RECORD EXCERPTS: Begin

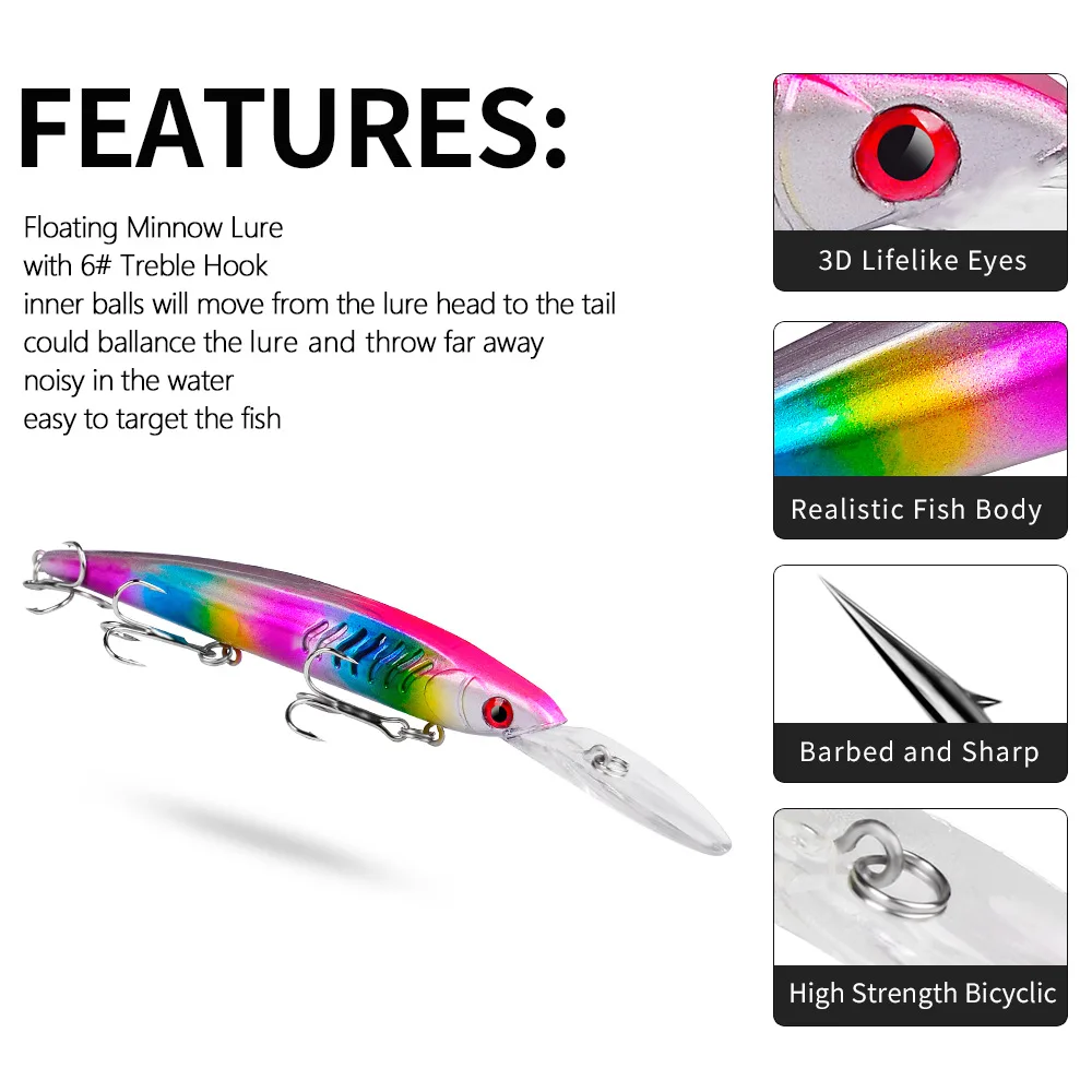 Señuelo de Pesca flotante Minnow, 15,2 cm, 12g, cebo duro Artificial, Wobblers de curricán para Lucio, Crankbait, Pesca, carpa, aparejos de Peche
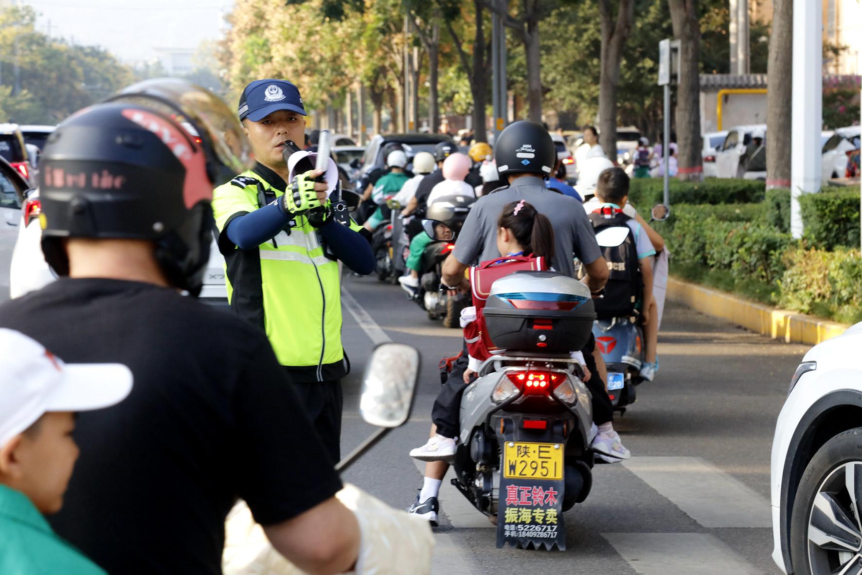 9月1日,陜西省渭南市公安局交警支隊臨渭大隊民警在渭南市實驗小學十字路口指揮疏導車輛。
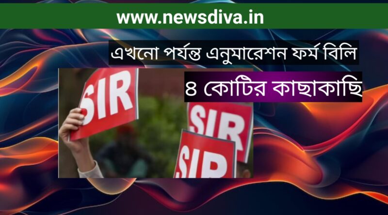 গোটা রাজ্যে শনিবার বিকেল চারটে পর্যন্ত এনুমারেশন ফর্ম বিলি হয়েছে দুরন্ত গতিতে। নির্বাচন কমিশন সূত্রে খবর, সংখ্যা পৌছেছে ৪ কোটির কাছাকাছি। রবিবারের মধ্যে ৫ কোটির দোরগোড়ায় পৌঁছে যাবে এই সংখ্যা। পশ্চিমবঙ্গ সহ ১২ টি রাজ্যে এই মুহূর্তে চলছে এসআইআর। পশ্চিমবঙ্গের সিইও মনোজ কুমার আগরওয়ালের নেতৃত্বে এনুমারেশন ফর্ম বিলি ব্যাপক গতিতে এগোচ্ছে। ইতিমধ্যেই চালু হয়ে গিয়েছে অনলাইন পরিষেবা। আগামী সপ্তাহের মধ্যেই গোটা পশ্চিমবঙ্গের ভোটারদের কাছে পৌঁছে যাবে এনুমারেশন ফর্ম।
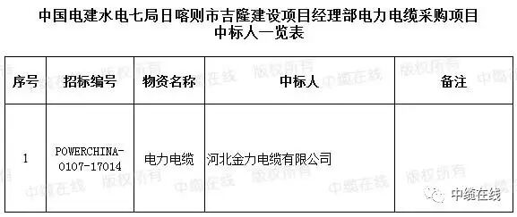 机电网讯 中国电建水电七局日喀则市吉隆建设项目经理部电力电缆采购项目评标工作已经结束,中标人已公示。
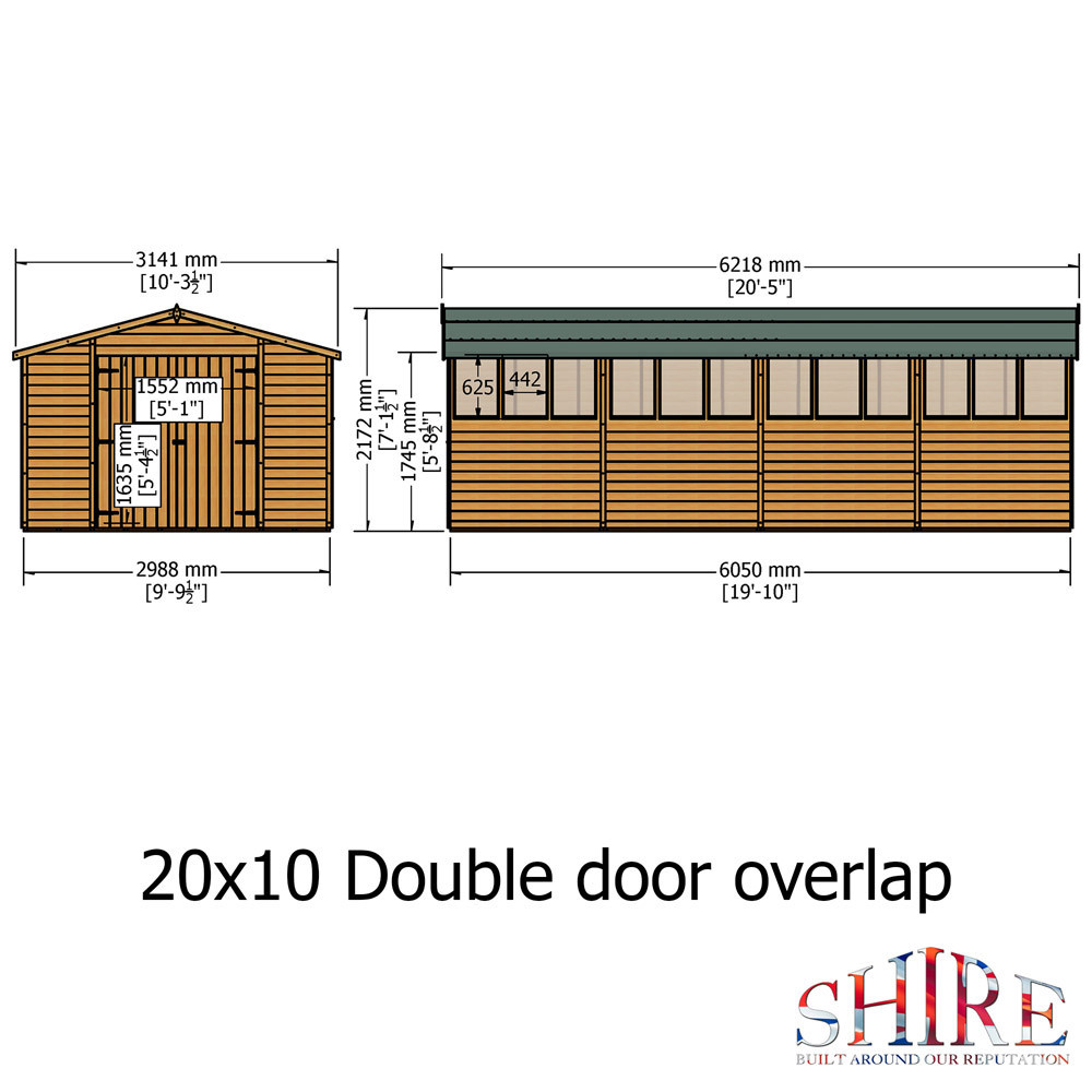 Shire Overlap Garden Shed with Double Doors - 20ft x 10ft (6050mm x 2988mm)
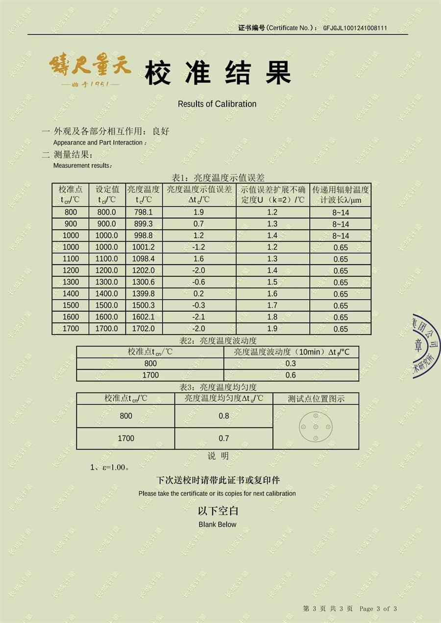 上一條:K分度熱電偶校準(zhǔn)證書 | 下一條:超低溫面源黑體爐(-40-80℃)校準(zhǔn)證書 |
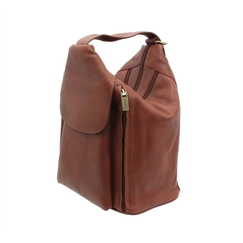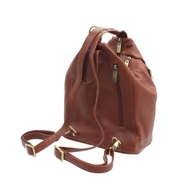 VISCONTI - Leather Anti Theft Backpack For Women - Medium Rucksack With Adjustable Shoulder Straps - Multiple Pockets - 18357 DANII - Brown
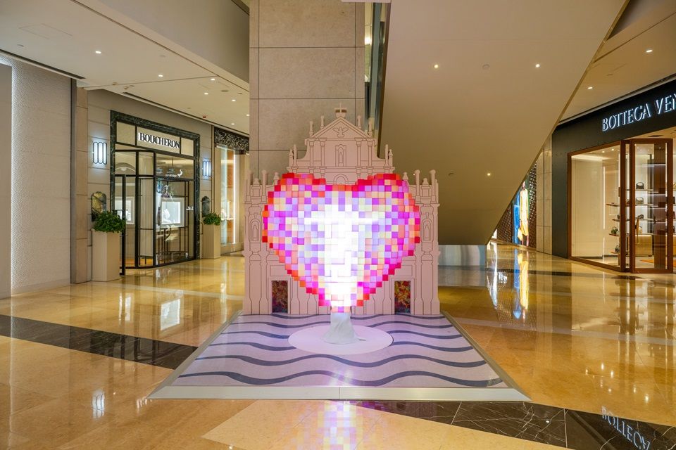 商場地面層的“心系澳門”裝置由一個巨型紅色愛心和仿大三巴牌坊的背景組成。這件作品透過將色彩繽紛的愛心與澳門最具代表性的歷史地標并置,展現澳門作為一個多元文化城市的雙重魅力,象征著中葡和東西方文化的和諧共存。
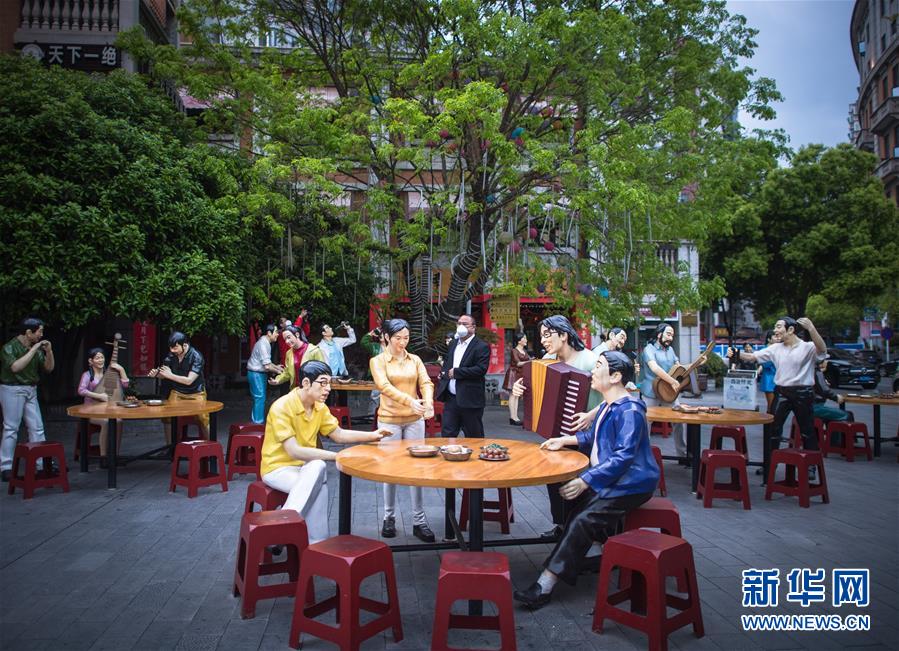 4月1日,在武漢天地廣場,人們?cè)谙硎艽汗?。新華社記者費(fèi)茂華攝
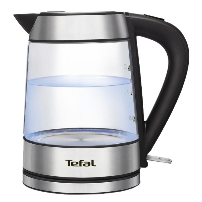 Стеклянный чайник Tefal объемом 1,7 л. со вставками из нержавеющей стали
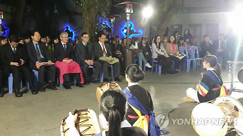 | △ 베트남 한류 체험 나선 김종덕 문화체육관광부 장관 (하노이=연합뉴스) 김권용 특파원 = 베트남을 방문 중인 김종덕 문화체육관광부 장관이 6일 하노이 시내 한국문화원 구내에서 베트남 대학생들의 사물놀이 공연을 관람하며 박수를 치고 있다. 김 장관은 앞서 롯데센터 하노이에서 열린 문화 콘텐츠 간담회에서 "우리의 콘텐츠를 일방적으로 전하는 종전의 태도에서 벗어나야 한다"며 "베트남의 화려한 문화를 받아들여 우리의 문화도 살찌워야 한다"고 강조했다. 2015.2.6 kky@yna.co.kr |
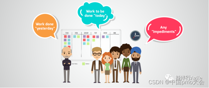 团队成员说明自上次站会以来的完成了什么、下一次站会将会完成什么工作、以及是否存在会阻碍他们工作进展的问题。
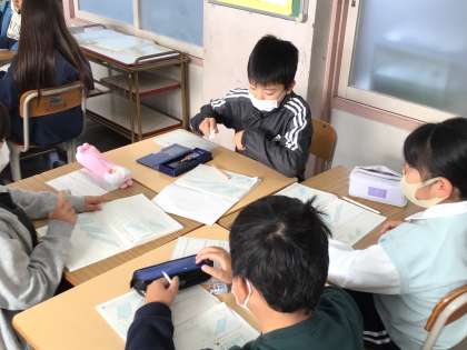 11/27 5年算数2 公開日 2024/11/27 更新日 2024/11/27 各学年から 5年算数では、長方形、正方形、三角形、平行四辺形の面積の求め方を復習した後、ワークシートにある3つの平行四辺形のうちどれが一番大きいのかを考えていました。積極的に意見交流ができていて、図を指差しながら夢中になっていました。
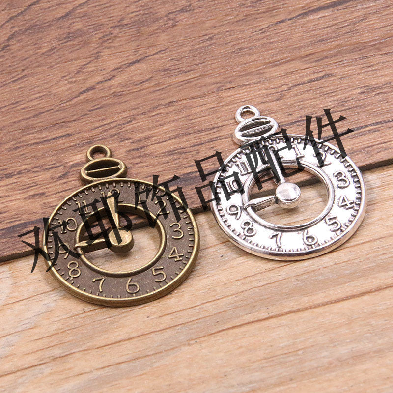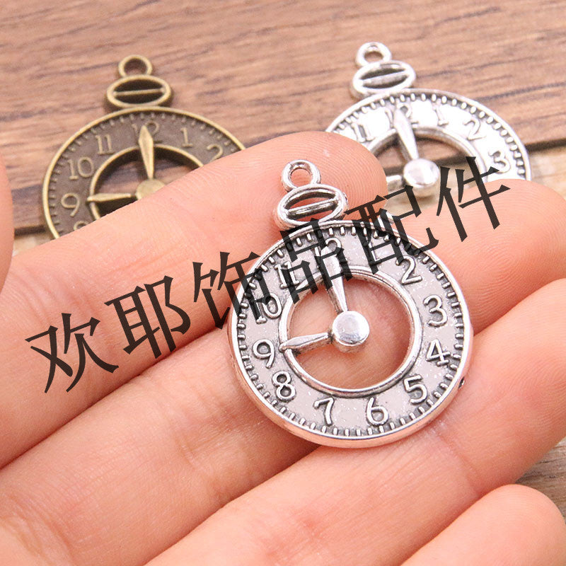 2 Colors 24*32mm Wholesale Hollow Steampunk Pendant Round Alarm Clock Pendant DIY Alloy Accessories

RECORD EXCERPTS: End

ABOUT THIS TASK :: In your copy, omit the pictures and restate every line of the data word for word.

EXERCISE RESPONSE ::
 Señuelo de Pesca flotante Minnow, 15,2 cm, 12g, cebo duro Artificial, Wobblers de curricán para Lucio, Crankbait, Pesca, carpa, aparejos de Peche
 9月1日,陜西省渭南市公安局交警支隊臨渭大隊民警在渭南市實驗小學十字路口指揮疏導車輛。
 গোটা রাজ্যে শনিবার বিকেল চারটে পর্যন্ত এনুমারেশন ফর্ম বিলি হয়েছে দুরন্ত গতিতে। নির্বাচন কমিশন সূত্রে খবর, সংখ্যা পৌছেছে ৪ কোটির কাছাকাছি। রবিবারের মধ্যে ৫ কোটির দোরগোড়ায় পৌঁছে যাবে এই সংখ্যা। পশ্চিমবঙ্গ সহ ১২ টি রাজ্যে এই মুহূর্তে চলছে এসআইআর। পশ্চিমবঙ্গের সিইও মনোজ কুমার আগরওয়ালের নেতৃত্বে এনুমারেশন ফর্ম বিলি ব্যাপক গতিতে এগোচ্ছে। ইতিমধ্যেই চালু হয়ে গিয়েছে অনলাইন পরিষেবা। আগামী সপ্তাহের মধ্যেই গোটা পশ্চিমবঙ্গের ভোটারদের কাছে পৌঁছে যাবে এনুমারেশন ফর্ম।
 机电网讯 中国电建水电七局日喀则市吉隆建设项目经理部电力电缆采购项目评标工作已经结束,中标人已公示。
 Shire Overlap Garden Shed with Double Doors - 20ft x 10ft (6050mm x 2988mm)
 上一條:K分度熱電偶校準(zhǔn)證書 | 下一條:超低溫面源黑體爐(-40-80℃)校準(zhǔn)證書 |
 VISCONTI - Leather Anti Theft Backpack For Women - Medium Rucksack With Adjustable Shoulder Straps - Multiple Pockets - 18357 DANII - Brown
 商場地面層的“心系澳門”裝置由一個巨型紅色愛心和仿大三巴牌坊的背景組成。這件作品透過將色彩繽紛的愛心與澳門最具代表性的歷史地標并置,展現澳門作為一個多元文化城市的雙重魅力,象征著中葡和東西方文化的和諧共存。
 4月1日,在武漢天地廣場,人們?cè)谙硎艽汗?。新華社記者費(fèi)茂華攝
 Стеклянный чайник Tefal объемом 1,7 л. со вставками из нержавеющей стали
 | △ 베트남 한류 체험 나선 김종덕 문화체육관광부 장관 (하노이=연합뉴스) 김권용 특파원 = 베트남을 방문 중인 김종덕 문화체육관광부 장관이 6일 하노이 시내 한국문화원 구내에서 베트남 대학생들의 사물놀이 공연을 관람하며 박수를 치고 있다. 김 장관은 앞서 롯데센터 하노이에서 열린 문화 콘텐츠 간담회에서 "우리의 콘텐츠를 일방적으로 전하는 종전의 태도에서 벗어나야 한다"며 "베트남의 화려한 문화를 받아들여 우리의 문화도 살찌워야 한다"고 강조했다. 2015.2.6 kky@yna.co.kr |
 团队成员说明自上次站会以来的完成了什么、下一次站会将会完成什么工作、以及是否存在会阻碍他们工作进展的问题。
 11/27 5年算数2 公開日 2024/11/27 更新日 2024/11/27 各学年から 5年算数では、長方形、正方形、三角形、平行四辺形の面積の求め方を復習した後、ワークシートにある3つの平行四辺形のうちどれが一番大きいのかを考えていました。積極的に意見交流ができていて、図を指差しながら夢中になっていました。
 2 Colors 24*32mm Wholesale Hollow Steampunk Pendant Round Alarm Clock Pendant DIY Alloy Accessories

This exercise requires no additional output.